-- What needs to be done --
The lines to extract run from the start of the records through the line with "Для удобства транспортировки", both ends included; drop the pictures.

-- Records supplied --
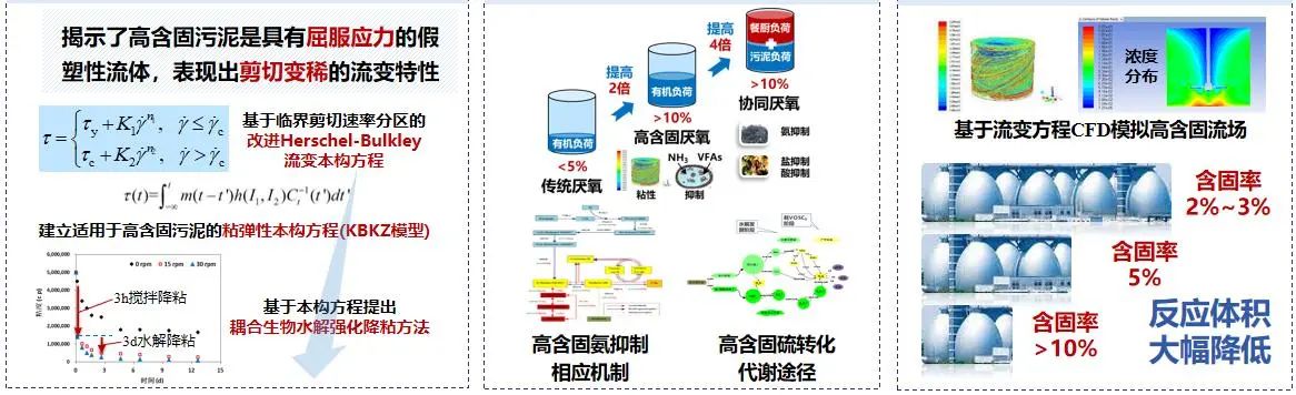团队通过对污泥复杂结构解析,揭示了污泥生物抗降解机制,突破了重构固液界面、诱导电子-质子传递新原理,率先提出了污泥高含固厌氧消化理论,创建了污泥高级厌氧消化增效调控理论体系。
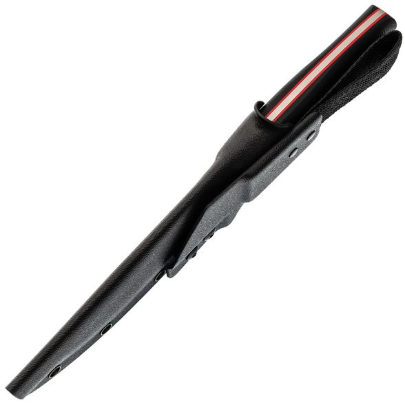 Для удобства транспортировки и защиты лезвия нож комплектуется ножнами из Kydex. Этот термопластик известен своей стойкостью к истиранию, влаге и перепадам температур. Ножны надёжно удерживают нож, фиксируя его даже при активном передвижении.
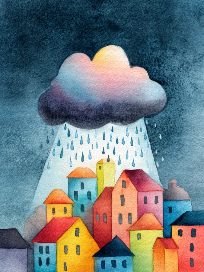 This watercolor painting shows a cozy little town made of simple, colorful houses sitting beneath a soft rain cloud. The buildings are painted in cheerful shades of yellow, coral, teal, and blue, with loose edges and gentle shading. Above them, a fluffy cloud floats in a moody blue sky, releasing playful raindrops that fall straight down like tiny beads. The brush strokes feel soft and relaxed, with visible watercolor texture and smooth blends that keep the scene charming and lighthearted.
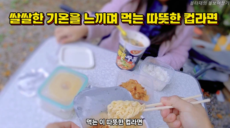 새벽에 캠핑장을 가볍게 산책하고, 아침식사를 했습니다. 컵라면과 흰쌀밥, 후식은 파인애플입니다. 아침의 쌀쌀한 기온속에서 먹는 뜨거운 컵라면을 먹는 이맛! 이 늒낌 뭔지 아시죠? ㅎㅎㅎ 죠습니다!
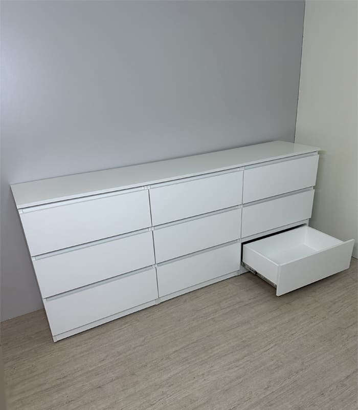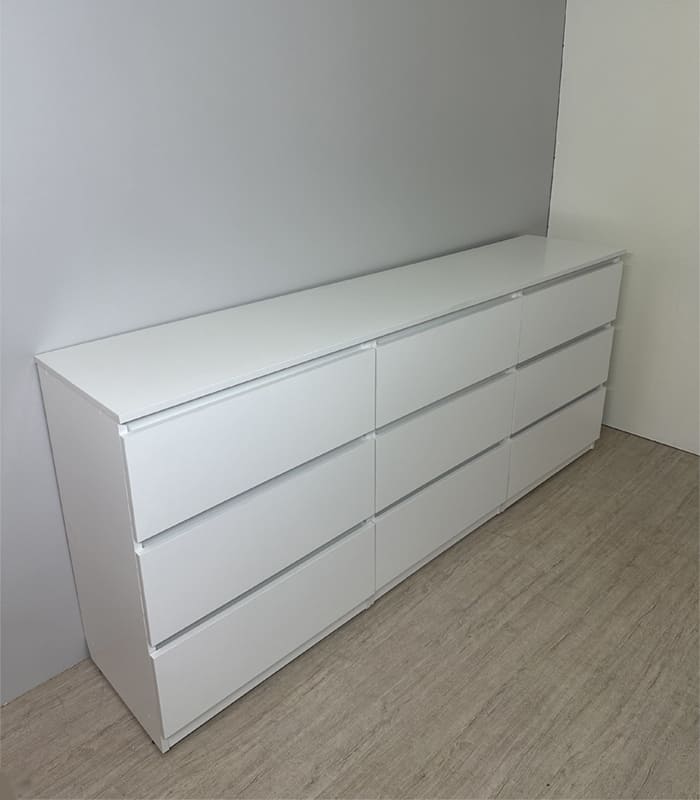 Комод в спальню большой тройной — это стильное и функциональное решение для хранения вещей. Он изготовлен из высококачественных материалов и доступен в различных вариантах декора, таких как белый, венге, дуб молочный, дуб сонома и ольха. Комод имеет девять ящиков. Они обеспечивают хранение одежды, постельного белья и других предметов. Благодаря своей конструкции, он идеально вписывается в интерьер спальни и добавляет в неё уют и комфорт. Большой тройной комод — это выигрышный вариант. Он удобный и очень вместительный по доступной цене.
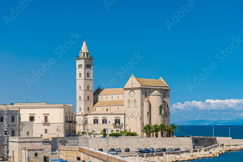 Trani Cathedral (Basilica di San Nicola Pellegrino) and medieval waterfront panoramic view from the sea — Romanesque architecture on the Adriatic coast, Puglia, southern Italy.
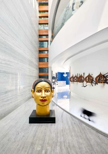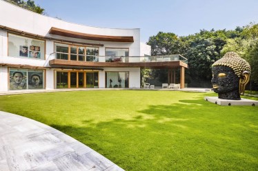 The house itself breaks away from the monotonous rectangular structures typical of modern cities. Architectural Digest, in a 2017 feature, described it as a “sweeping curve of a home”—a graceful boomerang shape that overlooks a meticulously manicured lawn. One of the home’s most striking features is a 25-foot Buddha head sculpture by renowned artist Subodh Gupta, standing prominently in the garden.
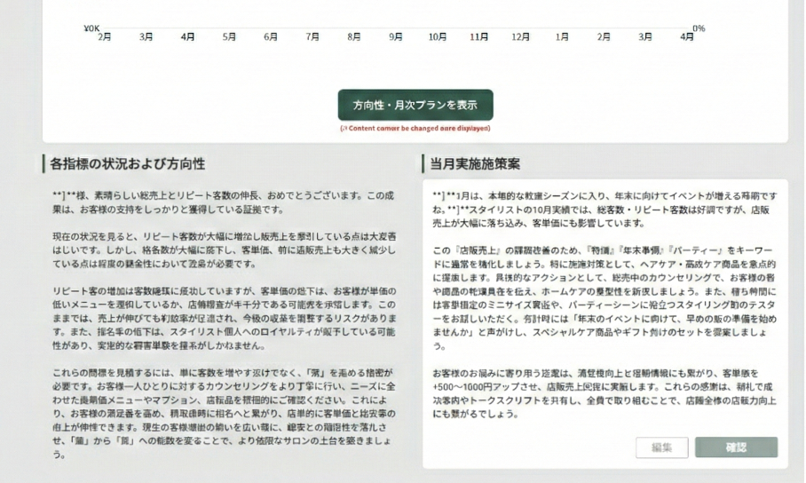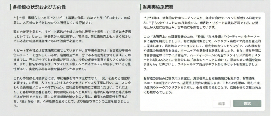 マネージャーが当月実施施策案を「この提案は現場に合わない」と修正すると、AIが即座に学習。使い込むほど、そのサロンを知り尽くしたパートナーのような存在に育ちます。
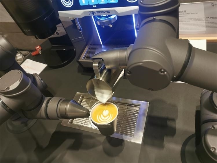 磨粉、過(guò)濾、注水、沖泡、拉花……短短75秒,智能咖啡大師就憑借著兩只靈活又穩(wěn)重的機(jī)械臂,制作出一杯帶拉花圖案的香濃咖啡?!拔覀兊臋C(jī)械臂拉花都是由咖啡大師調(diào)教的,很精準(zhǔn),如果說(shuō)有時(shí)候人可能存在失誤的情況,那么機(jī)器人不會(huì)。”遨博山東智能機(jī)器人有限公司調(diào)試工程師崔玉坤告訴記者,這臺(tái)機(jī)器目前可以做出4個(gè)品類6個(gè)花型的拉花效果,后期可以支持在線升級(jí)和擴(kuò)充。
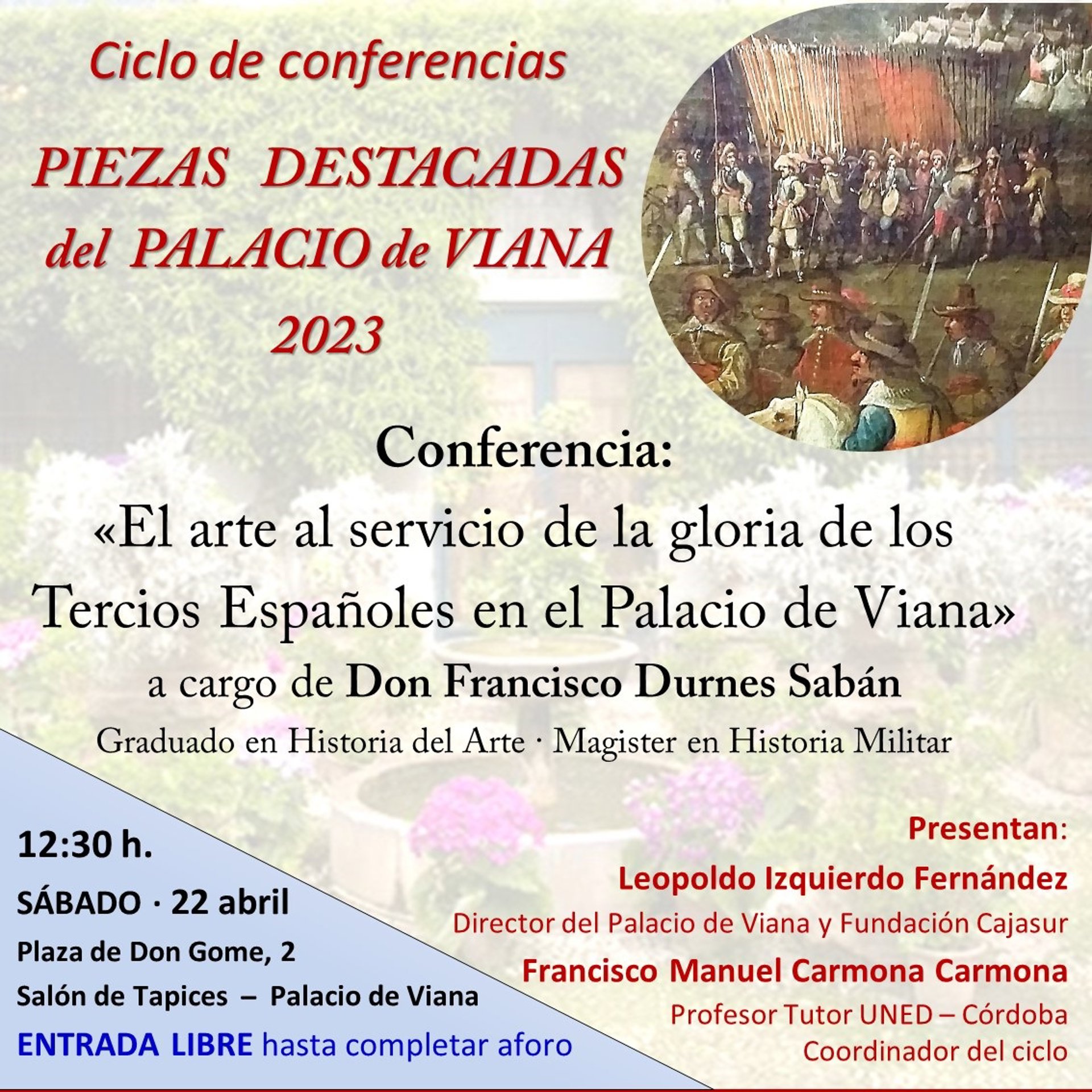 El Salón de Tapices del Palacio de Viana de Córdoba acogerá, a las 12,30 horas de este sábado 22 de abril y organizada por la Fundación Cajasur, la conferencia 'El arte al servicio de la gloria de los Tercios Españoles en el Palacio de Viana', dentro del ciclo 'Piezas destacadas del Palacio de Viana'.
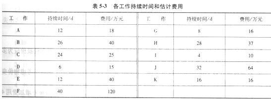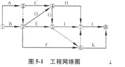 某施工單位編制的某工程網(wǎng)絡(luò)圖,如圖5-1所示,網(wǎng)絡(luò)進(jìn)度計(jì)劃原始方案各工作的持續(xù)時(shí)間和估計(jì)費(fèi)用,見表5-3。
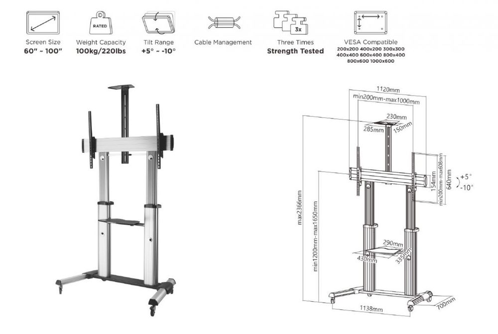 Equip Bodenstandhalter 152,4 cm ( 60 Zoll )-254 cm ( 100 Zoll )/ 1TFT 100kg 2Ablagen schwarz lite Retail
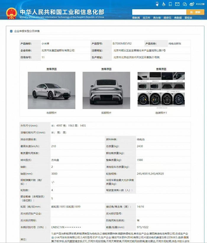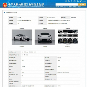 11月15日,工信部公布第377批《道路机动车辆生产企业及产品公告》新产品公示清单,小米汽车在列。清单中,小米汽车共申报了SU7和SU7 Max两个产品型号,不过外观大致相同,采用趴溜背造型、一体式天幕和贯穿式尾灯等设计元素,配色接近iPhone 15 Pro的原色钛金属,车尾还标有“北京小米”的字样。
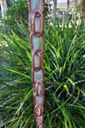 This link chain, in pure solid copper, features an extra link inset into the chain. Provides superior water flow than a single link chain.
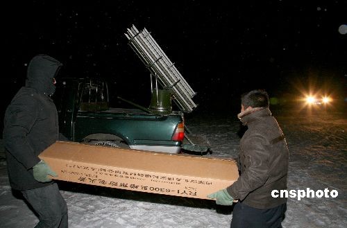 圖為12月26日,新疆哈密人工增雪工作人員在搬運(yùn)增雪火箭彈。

-- Exercise response --
团队通过对污泥复杂结构解析,揭示了污泥生物抗降解机制,突破了重构固液界面、诱导电子-质子传递新原理,率先提出了污泥高含固厌氧消化理论,创建了污泥高级厌氧消化增效调控理论体系。
 Для удобства транспортировки и защиты лезвия нож комплектуется ножнами из Kydex. Этот термопластик известен своей стойкостью к истиранию, влаге и перепадам температур. Ножны надёжно удерживают нож, фиксируя его даже при активном передвижении.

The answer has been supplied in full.